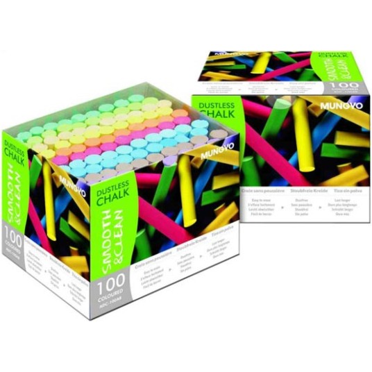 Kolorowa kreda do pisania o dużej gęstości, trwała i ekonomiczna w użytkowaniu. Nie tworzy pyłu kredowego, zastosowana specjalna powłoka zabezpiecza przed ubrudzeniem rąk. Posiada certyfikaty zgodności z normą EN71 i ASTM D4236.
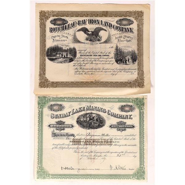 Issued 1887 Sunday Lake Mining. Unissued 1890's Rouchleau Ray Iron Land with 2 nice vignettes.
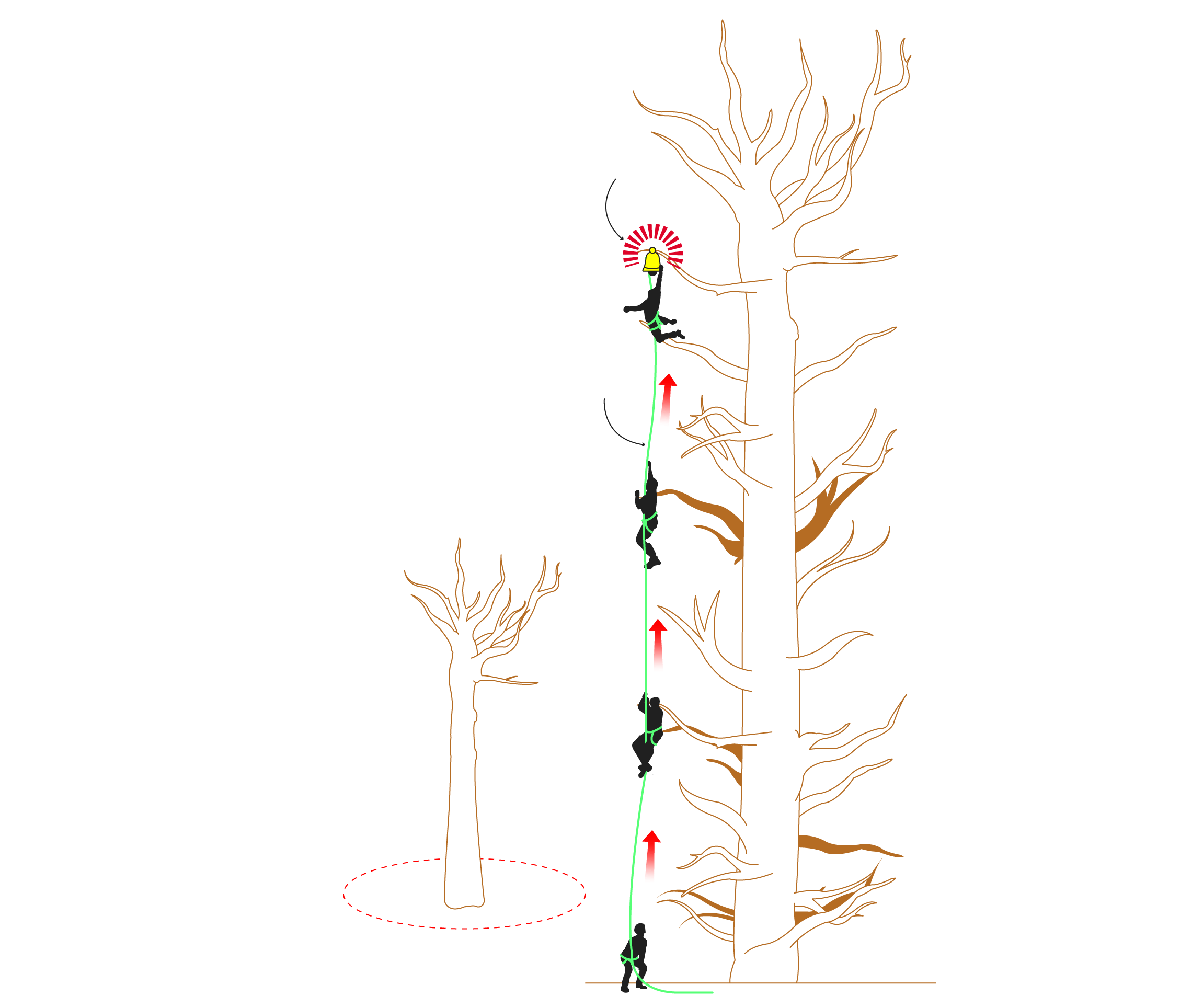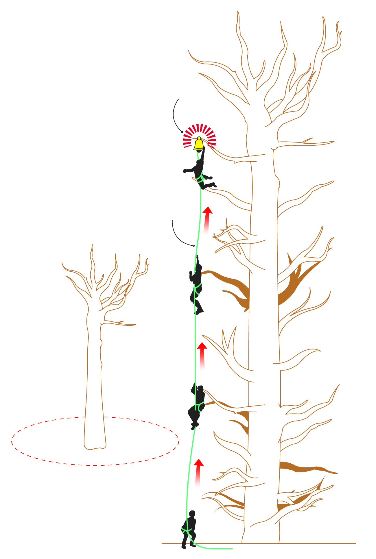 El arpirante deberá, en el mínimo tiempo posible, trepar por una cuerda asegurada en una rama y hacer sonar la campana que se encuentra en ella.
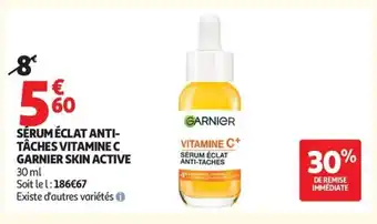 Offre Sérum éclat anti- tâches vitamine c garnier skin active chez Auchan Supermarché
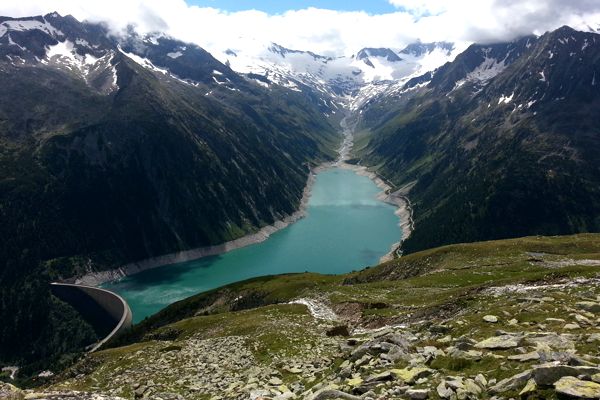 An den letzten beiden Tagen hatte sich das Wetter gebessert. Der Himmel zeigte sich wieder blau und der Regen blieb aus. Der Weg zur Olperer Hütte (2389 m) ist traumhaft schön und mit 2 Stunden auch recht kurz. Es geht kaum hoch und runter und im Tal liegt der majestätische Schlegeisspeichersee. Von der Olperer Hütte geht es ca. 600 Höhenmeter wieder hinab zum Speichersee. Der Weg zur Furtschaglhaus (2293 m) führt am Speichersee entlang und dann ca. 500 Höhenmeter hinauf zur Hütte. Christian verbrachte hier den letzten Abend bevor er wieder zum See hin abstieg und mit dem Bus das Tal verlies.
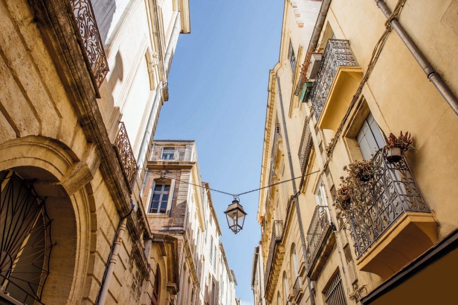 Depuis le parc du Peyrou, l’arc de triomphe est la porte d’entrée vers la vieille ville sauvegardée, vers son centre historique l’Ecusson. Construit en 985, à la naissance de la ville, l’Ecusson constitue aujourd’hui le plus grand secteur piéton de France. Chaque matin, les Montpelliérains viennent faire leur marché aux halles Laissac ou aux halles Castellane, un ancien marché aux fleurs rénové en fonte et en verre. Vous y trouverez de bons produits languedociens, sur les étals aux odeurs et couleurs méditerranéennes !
--
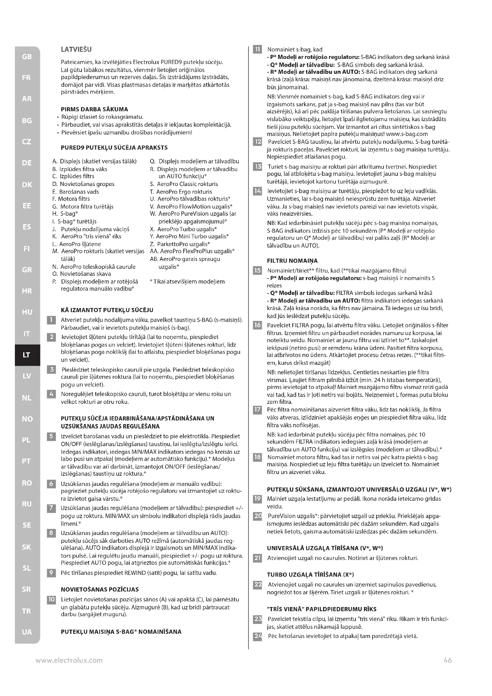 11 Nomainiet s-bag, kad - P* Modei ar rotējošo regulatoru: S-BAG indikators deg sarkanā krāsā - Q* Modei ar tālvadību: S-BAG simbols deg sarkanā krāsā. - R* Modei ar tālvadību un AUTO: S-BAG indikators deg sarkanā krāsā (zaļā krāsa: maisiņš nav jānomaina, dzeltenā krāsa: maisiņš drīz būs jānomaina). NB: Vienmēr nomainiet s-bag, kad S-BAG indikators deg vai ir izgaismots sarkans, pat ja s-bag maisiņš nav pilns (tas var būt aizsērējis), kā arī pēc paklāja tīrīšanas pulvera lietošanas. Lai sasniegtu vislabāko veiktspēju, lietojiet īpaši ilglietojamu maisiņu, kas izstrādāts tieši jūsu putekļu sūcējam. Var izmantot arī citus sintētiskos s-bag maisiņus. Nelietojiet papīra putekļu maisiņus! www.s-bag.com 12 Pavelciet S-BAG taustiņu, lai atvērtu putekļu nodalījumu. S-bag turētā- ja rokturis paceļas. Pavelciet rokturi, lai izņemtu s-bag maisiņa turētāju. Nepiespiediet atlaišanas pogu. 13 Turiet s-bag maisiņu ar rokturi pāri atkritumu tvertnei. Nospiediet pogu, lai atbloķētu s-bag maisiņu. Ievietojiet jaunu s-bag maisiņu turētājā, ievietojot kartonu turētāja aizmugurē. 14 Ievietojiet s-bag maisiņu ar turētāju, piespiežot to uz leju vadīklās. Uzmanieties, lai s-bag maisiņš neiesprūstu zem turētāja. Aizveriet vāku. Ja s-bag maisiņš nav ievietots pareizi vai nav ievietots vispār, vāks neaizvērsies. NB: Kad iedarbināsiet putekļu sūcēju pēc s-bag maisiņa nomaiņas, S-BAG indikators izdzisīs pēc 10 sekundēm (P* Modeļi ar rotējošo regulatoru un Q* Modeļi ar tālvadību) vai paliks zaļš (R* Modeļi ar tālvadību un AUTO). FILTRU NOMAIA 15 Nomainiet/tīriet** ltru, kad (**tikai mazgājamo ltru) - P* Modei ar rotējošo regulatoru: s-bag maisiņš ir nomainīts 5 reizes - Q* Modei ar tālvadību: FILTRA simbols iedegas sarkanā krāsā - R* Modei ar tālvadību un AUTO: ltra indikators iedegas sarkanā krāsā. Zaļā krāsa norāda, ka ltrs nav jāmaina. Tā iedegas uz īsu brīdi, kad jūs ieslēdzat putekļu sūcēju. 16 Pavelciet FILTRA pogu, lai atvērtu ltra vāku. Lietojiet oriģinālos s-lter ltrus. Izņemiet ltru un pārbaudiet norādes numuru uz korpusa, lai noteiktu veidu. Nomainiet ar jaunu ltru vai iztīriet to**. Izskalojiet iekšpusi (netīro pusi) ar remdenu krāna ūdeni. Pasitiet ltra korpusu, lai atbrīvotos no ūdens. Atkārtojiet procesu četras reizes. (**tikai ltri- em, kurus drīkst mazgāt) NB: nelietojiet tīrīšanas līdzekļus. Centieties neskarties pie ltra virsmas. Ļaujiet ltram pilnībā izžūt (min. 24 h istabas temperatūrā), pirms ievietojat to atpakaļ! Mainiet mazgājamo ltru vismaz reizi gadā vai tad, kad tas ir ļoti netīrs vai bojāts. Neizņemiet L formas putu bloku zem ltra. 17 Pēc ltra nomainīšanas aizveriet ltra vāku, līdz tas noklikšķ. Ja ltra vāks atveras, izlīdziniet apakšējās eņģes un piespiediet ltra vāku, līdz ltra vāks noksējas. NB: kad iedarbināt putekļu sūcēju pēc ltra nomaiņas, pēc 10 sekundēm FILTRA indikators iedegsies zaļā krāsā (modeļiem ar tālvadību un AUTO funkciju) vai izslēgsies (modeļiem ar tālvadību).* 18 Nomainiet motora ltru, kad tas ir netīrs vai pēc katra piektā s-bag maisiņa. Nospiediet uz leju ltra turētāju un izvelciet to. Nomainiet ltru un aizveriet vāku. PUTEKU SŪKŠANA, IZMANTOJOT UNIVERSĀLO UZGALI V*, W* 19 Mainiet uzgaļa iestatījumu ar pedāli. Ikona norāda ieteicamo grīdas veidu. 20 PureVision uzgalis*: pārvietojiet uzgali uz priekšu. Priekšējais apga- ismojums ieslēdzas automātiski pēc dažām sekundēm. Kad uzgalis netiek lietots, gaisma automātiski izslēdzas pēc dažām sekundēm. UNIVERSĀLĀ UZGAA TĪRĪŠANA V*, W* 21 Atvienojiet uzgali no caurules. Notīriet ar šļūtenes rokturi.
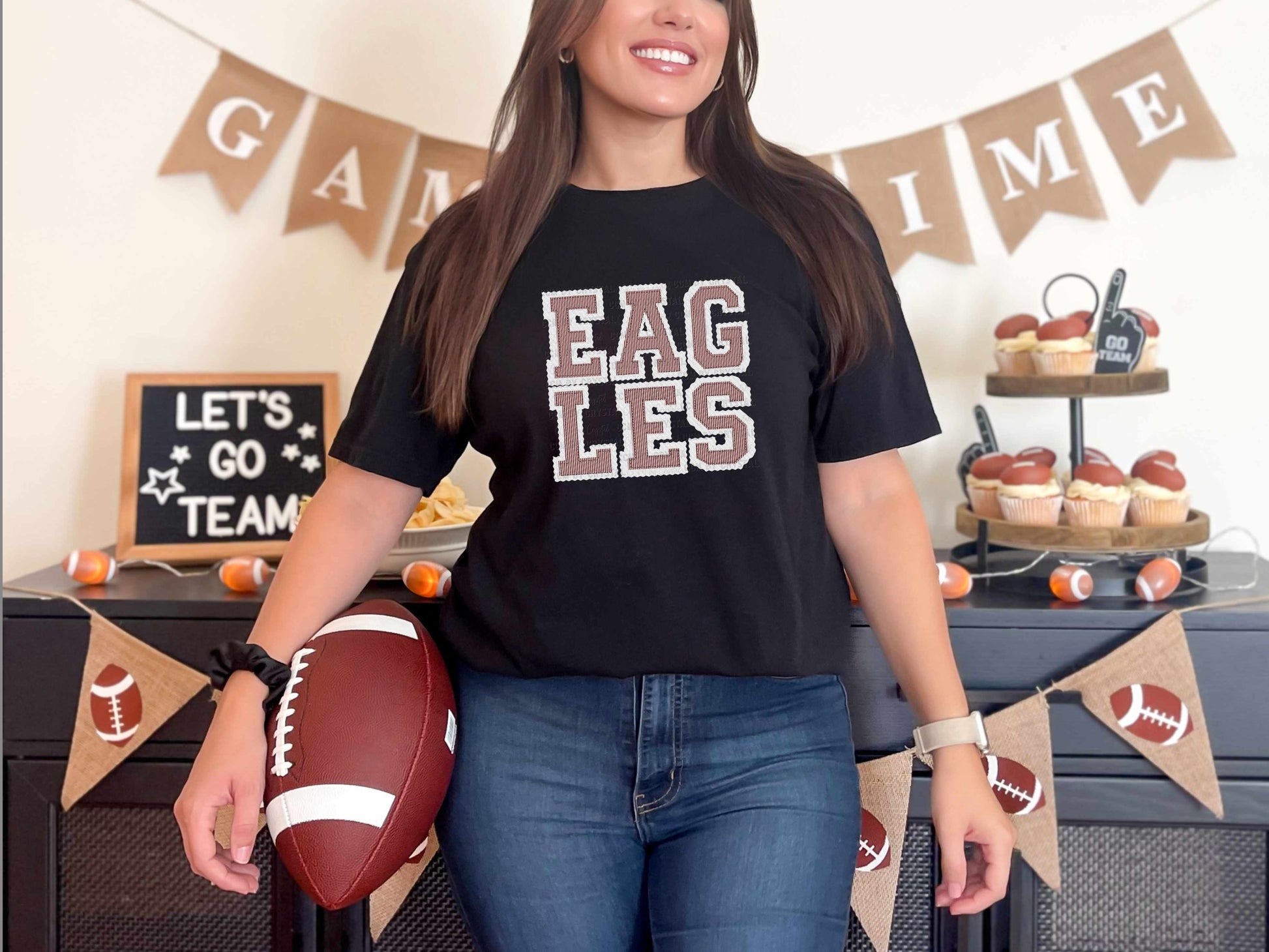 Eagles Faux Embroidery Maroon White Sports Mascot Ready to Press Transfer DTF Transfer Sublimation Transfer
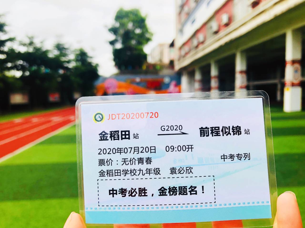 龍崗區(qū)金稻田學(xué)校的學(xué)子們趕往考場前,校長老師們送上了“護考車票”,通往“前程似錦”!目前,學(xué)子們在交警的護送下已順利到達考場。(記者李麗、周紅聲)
==
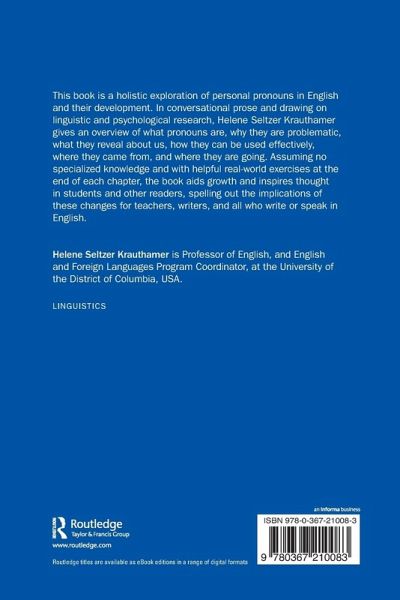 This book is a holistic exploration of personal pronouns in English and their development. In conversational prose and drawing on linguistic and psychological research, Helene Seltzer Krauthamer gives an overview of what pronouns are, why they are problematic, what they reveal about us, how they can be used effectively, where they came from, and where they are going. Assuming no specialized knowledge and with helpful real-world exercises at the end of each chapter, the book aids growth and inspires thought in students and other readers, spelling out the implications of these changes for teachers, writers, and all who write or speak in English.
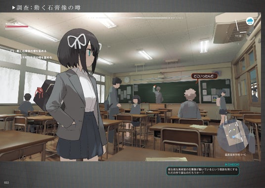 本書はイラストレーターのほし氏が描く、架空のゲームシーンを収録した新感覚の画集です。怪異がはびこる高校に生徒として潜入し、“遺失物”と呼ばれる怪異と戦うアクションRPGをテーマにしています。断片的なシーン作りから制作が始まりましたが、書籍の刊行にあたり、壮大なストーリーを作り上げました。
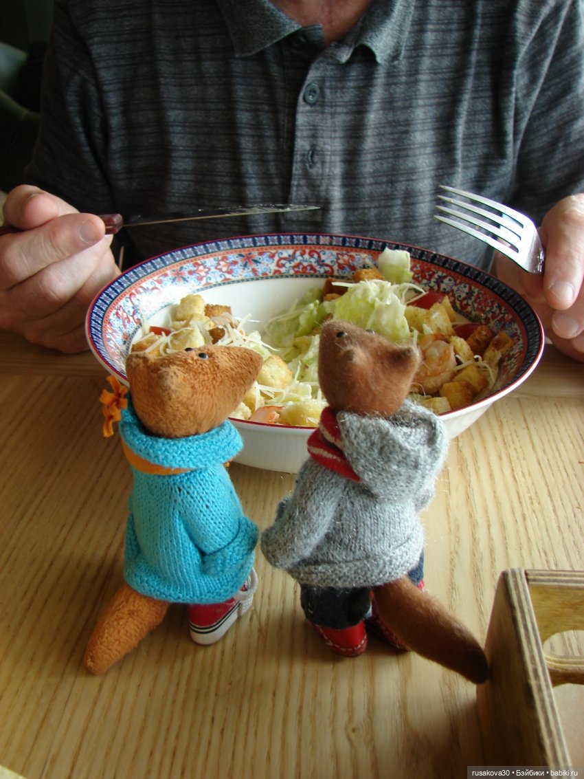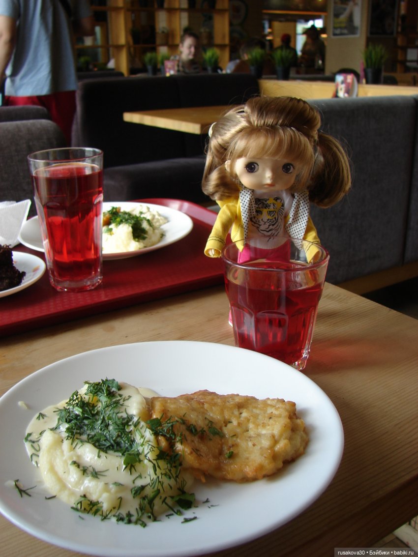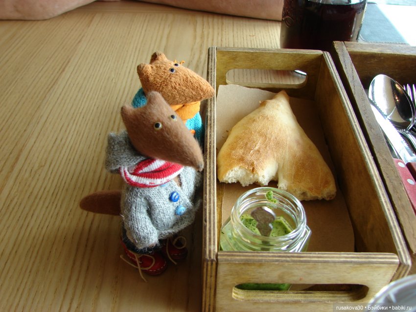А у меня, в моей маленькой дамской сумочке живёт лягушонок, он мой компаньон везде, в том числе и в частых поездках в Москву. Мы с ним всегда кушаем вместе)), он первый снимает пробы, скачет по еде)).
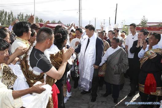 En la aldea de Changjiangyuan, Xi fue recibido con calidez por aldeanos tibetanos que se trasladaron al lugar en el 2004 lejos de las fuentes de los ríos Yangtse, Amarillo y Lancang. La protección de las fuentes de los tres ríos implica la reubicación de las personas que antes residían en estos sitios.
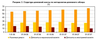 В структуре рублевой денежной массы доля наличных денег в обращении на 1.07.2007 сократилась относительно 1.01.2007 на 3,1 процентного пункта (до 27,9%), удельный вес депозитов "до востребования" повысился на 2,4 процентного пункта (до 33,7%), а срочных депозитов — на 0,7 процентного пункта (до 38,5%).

* [ABOUT THIS TASK]
Copy everything above from the line holding "Kolorowa kreda do" down to the line holding "Offre Sérum éclat", both ends included, exactly as it stands and without the pictures.

* [RESULT FOR THIS EXERCISE]
 Kolorowa kreda do pisania o dużej gęstości, trwała i ekonomiczna w użytkowaniu. Nie tworzy pyłu kredowego, zastosowana specjalna powłoka zabezpiecza przed ubrudzeniem rąk. Posiada certyfikaty zgodności z normą EN71 i ASTM D4236.
 Issued 1887 Sunday Lake Mining. Unissued 1890's Rouchleau Ray Iron Land with 2 nice vignettes.
 El arpirante deberá, en el mínimo tiempo posible, trepar por una cuerda asegurada en una rama y hacer sonar la campana que se encuentra en ella.
 Offre Sérum éclat anti- tâches vitamine c garnier skin active chez Auchan Supermarché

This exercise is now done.